Description of the task: For the data below, transcribe the part that opens with the line containing "Appartement de 66" and closes with the line containing "Kit Anclaje soporte", exactly and with no pictures.

Data in this exercise:

===

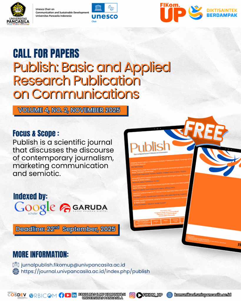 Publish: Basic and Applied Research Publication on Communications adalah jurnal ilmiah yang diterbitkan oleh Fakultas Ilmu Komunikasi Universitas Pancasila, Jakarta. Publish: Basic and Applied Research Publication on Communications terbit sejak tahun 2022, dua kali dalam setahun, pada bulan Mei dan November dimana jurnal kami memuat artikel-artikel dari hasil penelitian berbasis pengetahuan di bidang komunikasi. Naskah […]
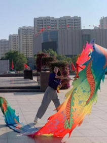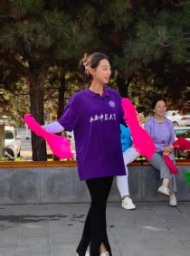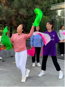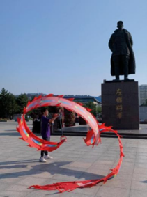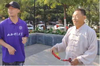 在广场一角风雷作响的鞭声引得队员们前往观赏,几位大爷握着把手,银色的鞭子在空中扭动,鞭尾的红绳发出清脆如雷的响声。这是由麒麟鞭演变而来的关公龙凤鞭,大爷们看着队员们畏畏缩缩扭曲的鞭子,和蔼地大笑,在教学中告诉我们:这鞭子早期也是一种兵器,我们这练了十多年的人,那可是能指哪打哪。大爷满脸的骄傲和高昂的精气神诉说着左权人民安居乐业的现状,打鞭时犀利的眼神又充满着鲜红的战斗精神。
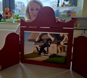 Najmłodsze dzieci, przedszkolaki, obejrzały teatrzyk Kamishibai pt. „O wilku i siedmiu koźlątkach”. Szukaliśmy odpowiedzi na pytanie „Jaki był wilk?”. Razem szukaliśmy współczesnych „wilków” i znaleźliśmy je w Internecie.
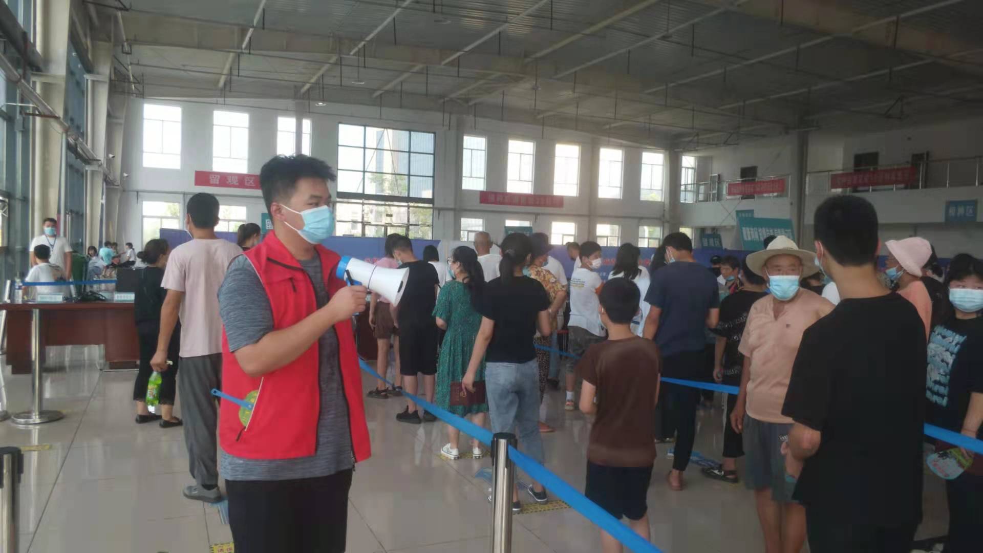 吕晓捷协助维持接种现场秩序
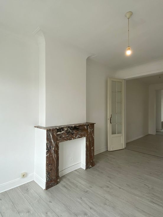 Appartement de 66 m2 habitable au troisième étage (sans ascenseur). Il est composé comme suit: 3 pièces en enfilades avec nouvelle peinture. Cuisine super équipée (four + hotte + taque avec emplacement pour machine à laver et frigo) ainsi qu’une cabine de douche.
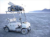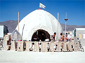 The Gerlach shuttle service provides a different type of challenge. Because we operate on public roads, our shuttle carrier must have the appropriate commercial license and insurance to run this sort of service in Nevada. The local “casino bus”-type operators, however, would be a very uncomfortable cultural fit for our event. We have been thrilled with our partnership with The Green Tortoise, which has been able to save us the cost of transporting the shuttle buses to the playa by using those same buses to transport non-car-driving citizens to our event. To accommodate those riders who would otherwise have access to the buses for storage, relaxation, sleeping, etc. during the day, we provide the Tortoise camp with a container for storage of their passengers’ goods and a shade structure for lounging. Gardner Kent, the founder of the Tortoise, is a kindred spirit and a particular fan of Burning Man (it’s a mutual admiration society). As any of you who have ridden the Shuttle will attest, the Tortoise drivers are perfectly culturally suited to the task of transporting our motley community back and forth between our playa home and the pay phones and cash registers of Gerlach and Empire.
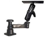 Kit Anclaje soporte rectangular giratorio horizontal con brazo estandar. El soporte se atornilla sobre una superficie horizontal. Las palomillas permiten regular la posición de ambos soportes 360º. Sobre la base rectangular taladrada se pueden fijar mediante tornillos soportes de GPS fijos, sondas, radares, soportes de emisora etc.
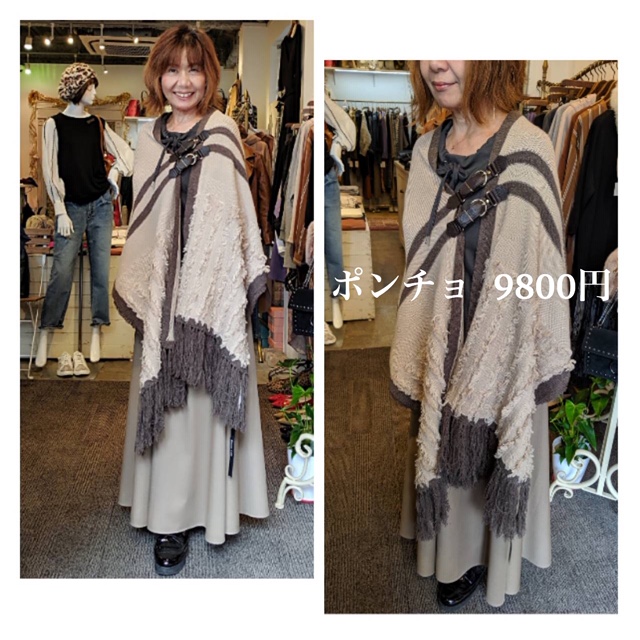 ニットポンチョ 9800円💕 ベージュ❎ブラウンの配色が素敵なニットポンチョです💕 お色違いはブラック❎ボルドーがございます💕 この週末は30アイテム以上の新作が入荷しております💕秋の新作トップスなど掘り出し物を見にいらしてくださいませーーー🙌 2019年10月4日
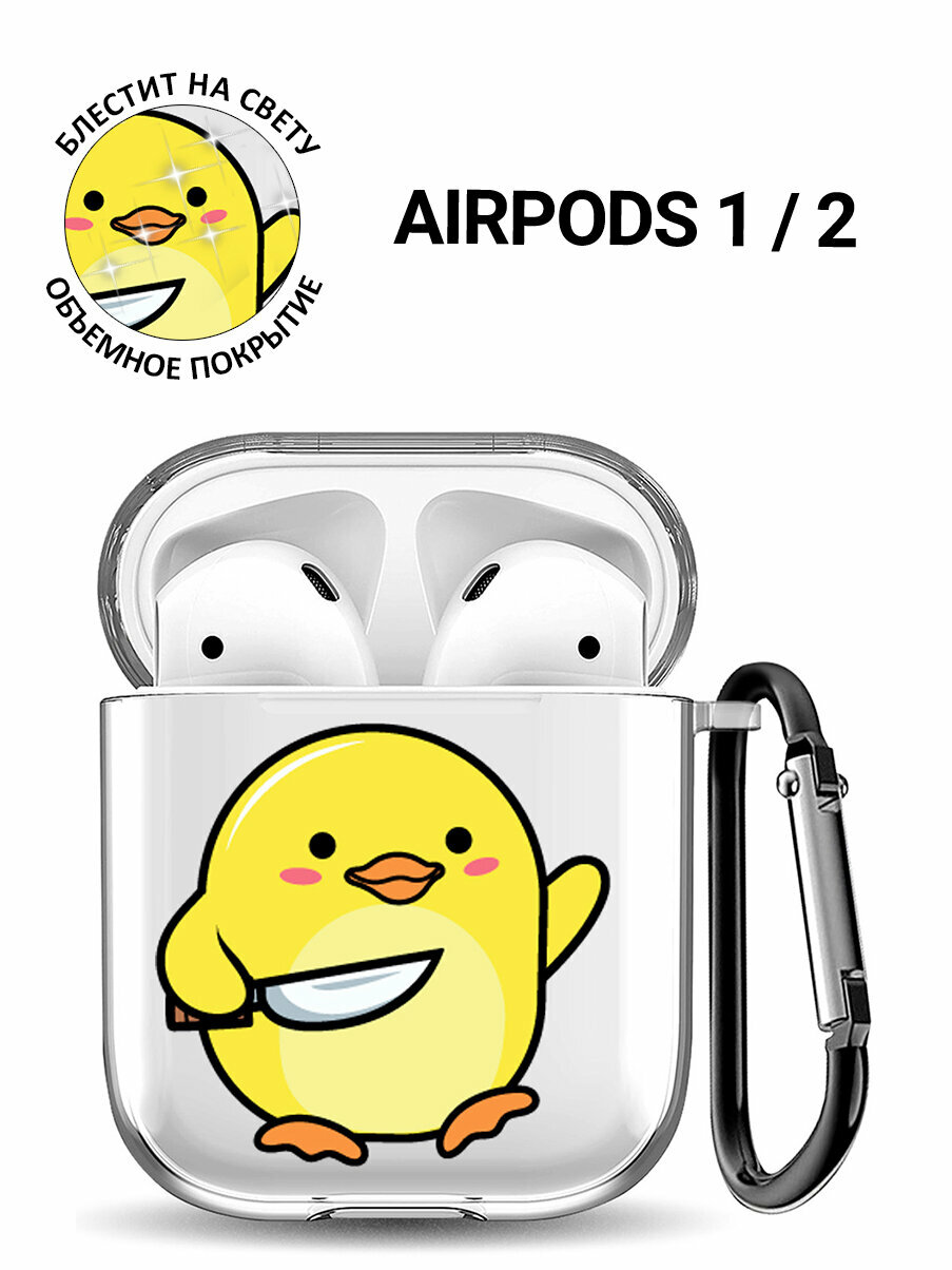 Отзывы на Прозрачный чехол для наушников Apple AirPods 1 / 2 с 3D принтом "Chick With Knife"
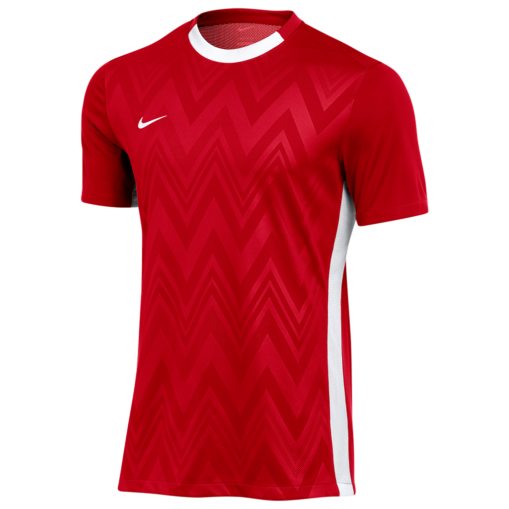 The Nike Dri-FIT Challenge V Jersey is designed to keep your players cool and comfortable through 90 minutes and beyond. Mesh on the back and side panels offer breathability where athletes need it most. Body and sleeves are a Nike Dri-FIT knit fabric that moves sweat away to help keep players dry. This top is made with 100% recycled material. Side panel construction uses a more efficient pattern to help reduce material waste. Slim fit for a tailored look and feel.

===

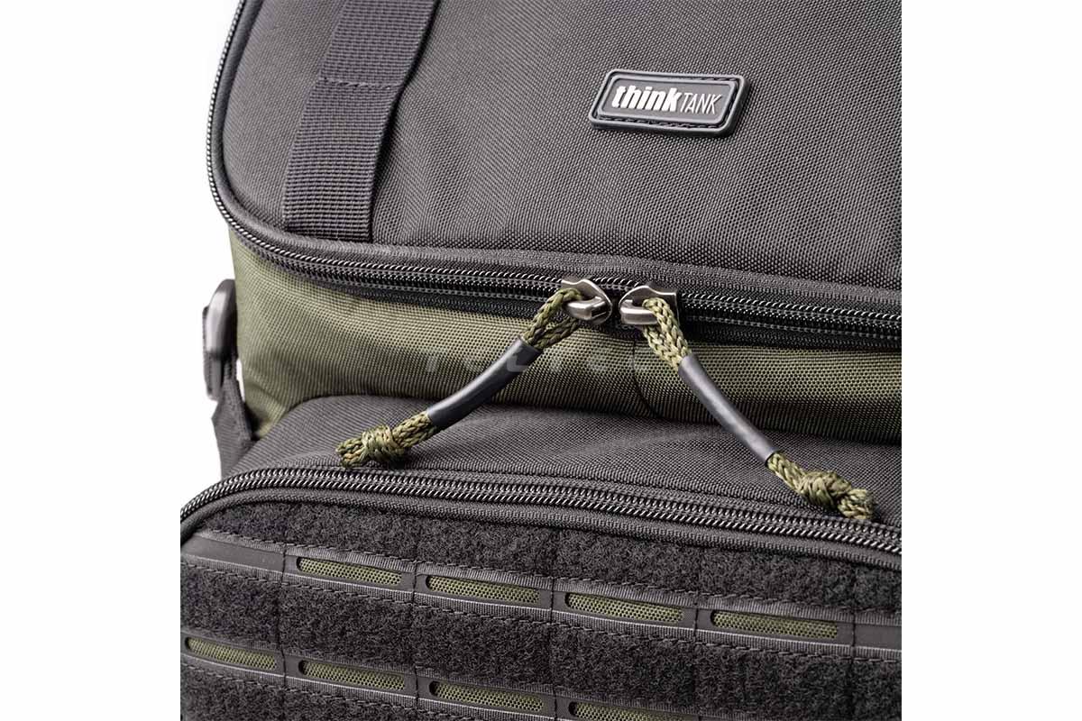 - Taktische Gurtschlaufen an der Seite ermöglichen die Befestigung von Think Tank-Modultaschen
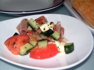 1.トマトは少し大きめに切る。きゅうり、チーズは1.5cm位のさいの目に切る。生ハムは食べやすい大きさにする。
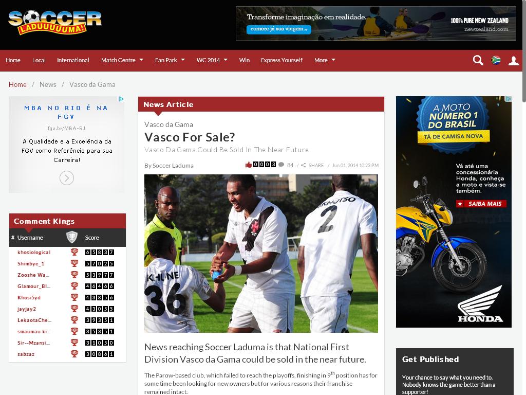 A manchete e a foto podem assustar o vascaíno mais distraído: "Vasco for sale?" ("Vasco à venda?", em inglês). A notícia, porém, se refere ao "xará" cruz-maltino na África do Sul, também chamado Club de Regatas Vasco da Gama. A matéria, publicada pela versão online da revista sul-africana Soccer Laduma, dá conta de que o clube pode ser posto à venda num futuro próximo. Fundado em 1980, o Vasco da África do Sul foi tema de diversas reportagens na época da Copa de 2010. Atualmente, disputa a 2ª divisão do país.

===

Exercise solution:
 Appartement de 66 m2 habitable au troisième étage (sans ascenseur). Il est composé comme suit: 3 pièces en enfilades avec nouvelle peinture. Cuisine super équipée (four + hotte + taque avec emplacement pour machine à laver et frigo) ainsi qu’une cabine de douche.
 The Gerlach shuttle service provides a different type of challenge. Because we operate on public roads, our shuttle carrier must have the appropriate commercial license and insurance to run this sort of service in Nevada. The local “casino bus”-type operators, however, would be a very uncomfortable cultural fit for our event. We have been thrilled with our partnership with The Green Tortoise, which has been able to save us the cost of transporting the shuttle buses to the playa by using those same buses to transport non-car-driving citizens to our event. To accommodate those riders who would otherwise have access to the buses for storage, relaxation, sleeping, etc. during the day, we provide the Tortoise camp with a container for storage of their passengers’ goods and a shade structure for lounging. Gardner Kent, the founder of the Tortoise, is a kindred spirit and a particular fan of Burning Man (it’s a mutual admiration society). As any of you who have ridden the Shuttle will attest, the Tortoise drivers are perfectly culturally suited to the task of transporting our motley community back and forth between our playa home and the pay phones and cash registers of Gerlach and Empire.
 Kit Anclaje soporte rectangular giratorio horizontal con brazo estandar. El soporte se atornilla sobre una superficie horizontal. Las palomillas permiten regular la posición de ambos soportes 360º. Sobre la base rectangular taladrada se pueden fijar mediante tornillos soportes de GPS fijos, sondas, radares, soportes de emisora etc.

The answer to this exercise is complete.